Oleh sebab itu, pemanfaatan APBN harus betul-betul benar, efisien. Dimulai dari perencanaan dan kemudian di dalam pelaksanaan anggaran. Dan perlu saya informasikan supaya tahu semuanya bahwa Kementerian Pertahanan mendapatkan alokasi APBN terbesar sejak 2016 sampai sekarang. Tahun 2020 sebesar Rp127 triliun. Hati-hati penggunaan mengenai ini. Tapi saya yakin Pak Menhan ini kalau urusan anggaran ini itu detail. Berkali-kali dengan saya, hampir hafal di luar kepala. “Ini Pak, di sini Pak, di sini Pak,” sudah. Saya juga merasa aman untuk urusan Rp127 triliun ini. Harus efisien, bersih, tidak boleh ada mark up-mark up lagi, dan yang paling penting mendukung industri dalam negeri kita.

Yang terakhir, saya minta juga supaya membuat renstra (rencana strategis) untuk kesejahteraan prajurit, baik itu yang berkaitan dengan perumahan, dengan kesehatan, dengan tunjangan kinerja. Dan saya sangat mengapresiasi untuk prajurit-prajurit kita yang bertugas di lokasi-lokasi tersulit. Yang saya lihat kemarin misalnya di Natuna, ada markas baru marinir, ada markas TNI komposit di sana juga ada, dengan komplek yang saya kira besar.

Dan pemerintah akan terus berusaha untuk meningkatkan SDM serta kesejahteraan prajurit dan pensiunan TNI. Kita juga telah melakukan perubahan struktur organisasi TNI sehingga bisa menambah posisi bagi perwira tinggi dan turunannya ke bawah.

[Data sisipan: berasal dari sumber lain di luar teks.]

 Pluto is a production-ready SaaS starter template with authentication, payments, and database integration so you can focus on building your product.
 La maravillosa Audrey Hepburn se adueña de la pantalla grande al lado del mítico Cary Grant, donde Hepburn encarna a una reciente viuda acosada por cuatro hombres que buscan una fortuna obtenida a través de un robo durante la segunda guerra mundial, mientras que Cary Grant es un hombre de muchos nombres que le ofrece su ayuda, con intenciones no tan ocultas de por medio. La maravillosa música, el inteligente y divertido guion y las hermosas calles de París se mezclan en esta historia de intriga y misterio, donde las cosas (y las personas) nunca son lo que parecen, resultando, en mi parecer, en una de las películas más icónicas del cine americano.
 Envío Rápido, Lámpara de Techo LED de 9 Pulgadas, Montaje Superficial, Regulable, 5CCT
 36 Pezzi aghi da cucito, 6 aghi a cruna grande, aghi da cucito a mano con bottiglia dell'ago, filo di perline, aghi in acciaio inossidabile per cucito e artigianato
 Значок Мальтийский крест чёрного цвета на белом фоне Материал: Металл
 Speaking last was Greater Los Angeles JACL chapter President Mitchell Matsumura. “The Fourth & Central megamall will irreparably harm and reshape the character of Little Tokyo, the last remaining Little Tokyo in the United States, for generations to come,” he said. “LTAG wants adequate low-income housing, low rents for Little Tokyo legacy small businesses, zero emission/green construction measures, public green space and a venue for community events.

Kita juga akan mengajukan revisi Undang-Undang 34 Tahun 2004 tentang TNI, antara lain yang berkaitan dengan urusan pensiun bagi perwira, bintara, dan tamtama yang selama ini usianya usia pensiun 53 tahun akan kita usulkan untuk diubah menjadi 58 tahun.

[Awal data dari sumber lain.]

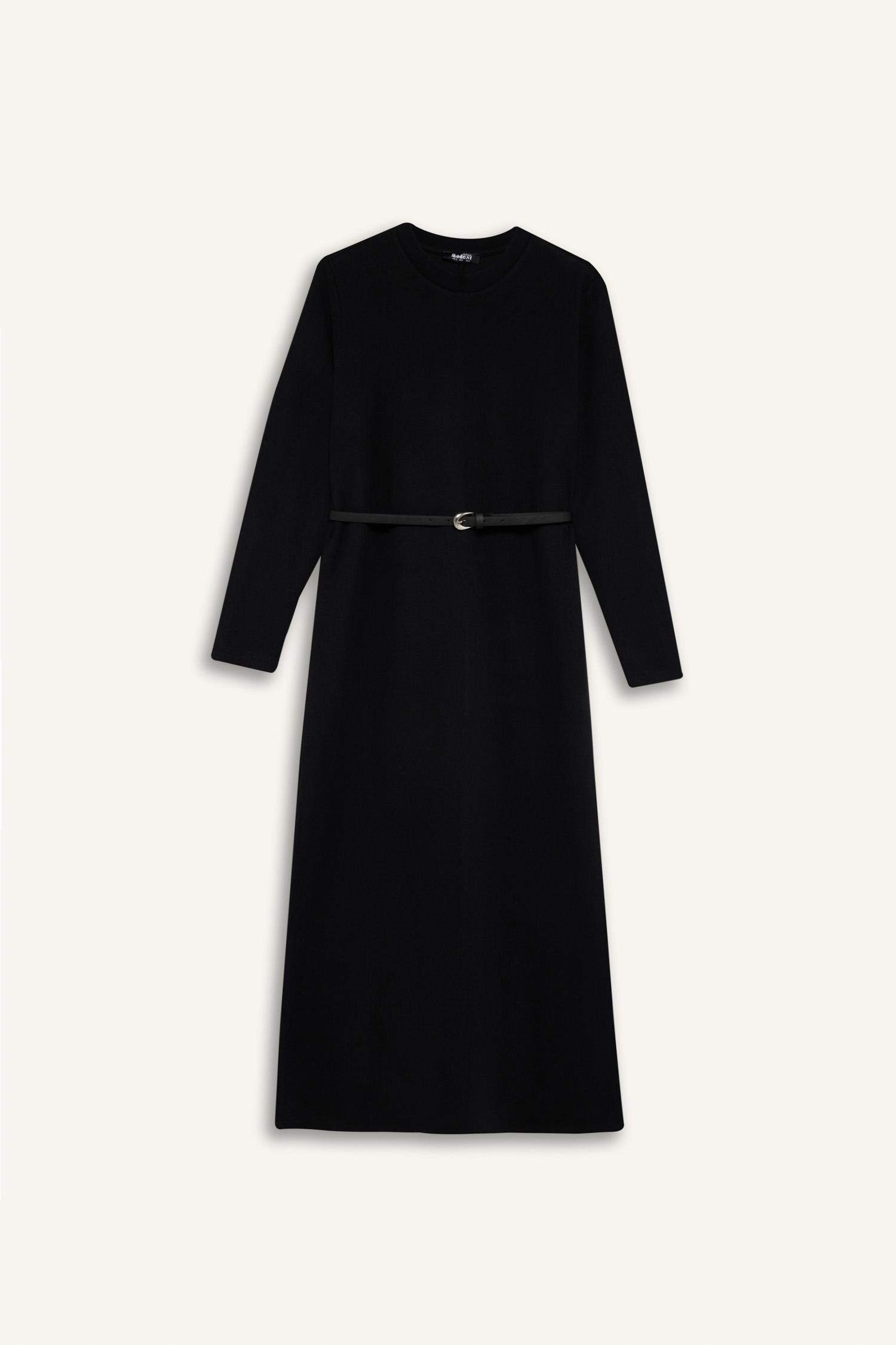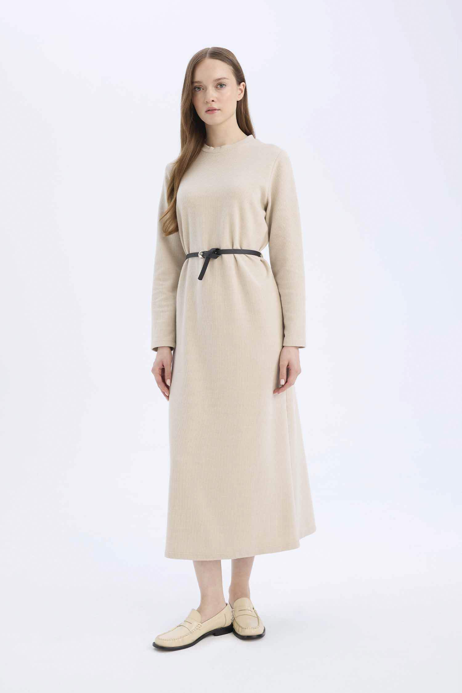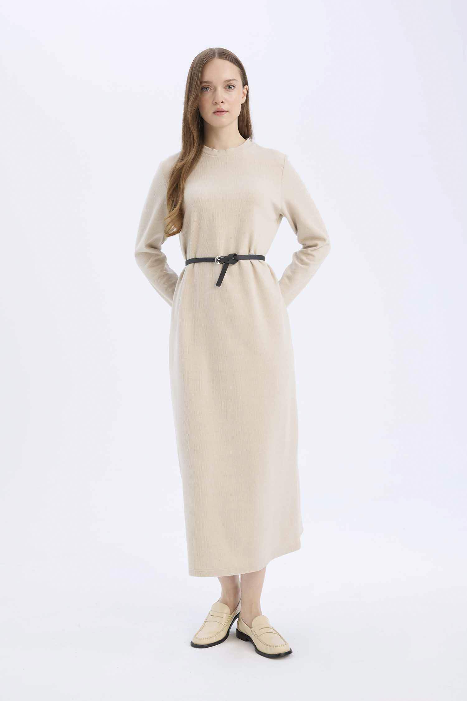 Regular Fit Crew Neck Belted Selanik Fabric Maxi Dress

Saya rasa itu yang bisa saya sampaikan pada kesempatan yang baik ini.

Dan terakhir saya ingin menunjukkan mengenai keinginan kita untuk memindahkan ibu kota dari Jakarta ke Kalimantan Timur. Sekali lagi ingin saya sampaikan, ini bukan pindah gedung, ini bukan hanya pindah lokasi tapi yang kita inginkan ke sana adalah nanti berubahnya pola pikir, pindahnya sistem kerja, pindahnya pola kerja. Sehingga semuanya sistem yang ada kita instal terlebih dahulu, masuk ke sana barang-barang itu sudah siap untuk kita gunakan dalam rangka sebuah kultur baru cara bekerja kita, kultur baru kita dalam sistem kepemerintahan sehingga kecepatan itu ada.

Juga berkali-kali saya sampaikan, ke depan yang namanya negara itu tidak yang besar mengalahkan yang kecil, tidak, yang kaya mengalahkan yang miskin, tidak, tetapi negara yang cepat akan mengalahkan negara yang lambat. Kuncinya ada di situ. Negara tidak besar, tidak kaya tapi kalau kaya, besar, lambat pasti akan ditinggal oleh yang cepat, saya pastikan ke depan. Sekali lagi ini bukan hanya pindah kantor atau pindah istana atau pindah gedung kementerian, ndak tapi pindah budaya kerja, pindah sistem kerja.

Ini saya ingin tunjukkan dalam sebuah video singkat.

(Penayangan Video Nagara Rimba Nusa)

Jadi di ibu kota yang baru nanti transportasi massalnya adalah semuanya elektrik, autonomous. Kendaraan pribadi juga sama, electric vehicle dan autonomous. Sistemnya memang ini baru dirancang dan kita harapkan ini adalah sebuah lompatan peradaban kita menuju ke sebuah negara Indonesia maju

Saya rasa itu yang bisa saya sampaikan.
Terima kasih.
Wassalamu’alaikum warahmatullahi wabarakatuh.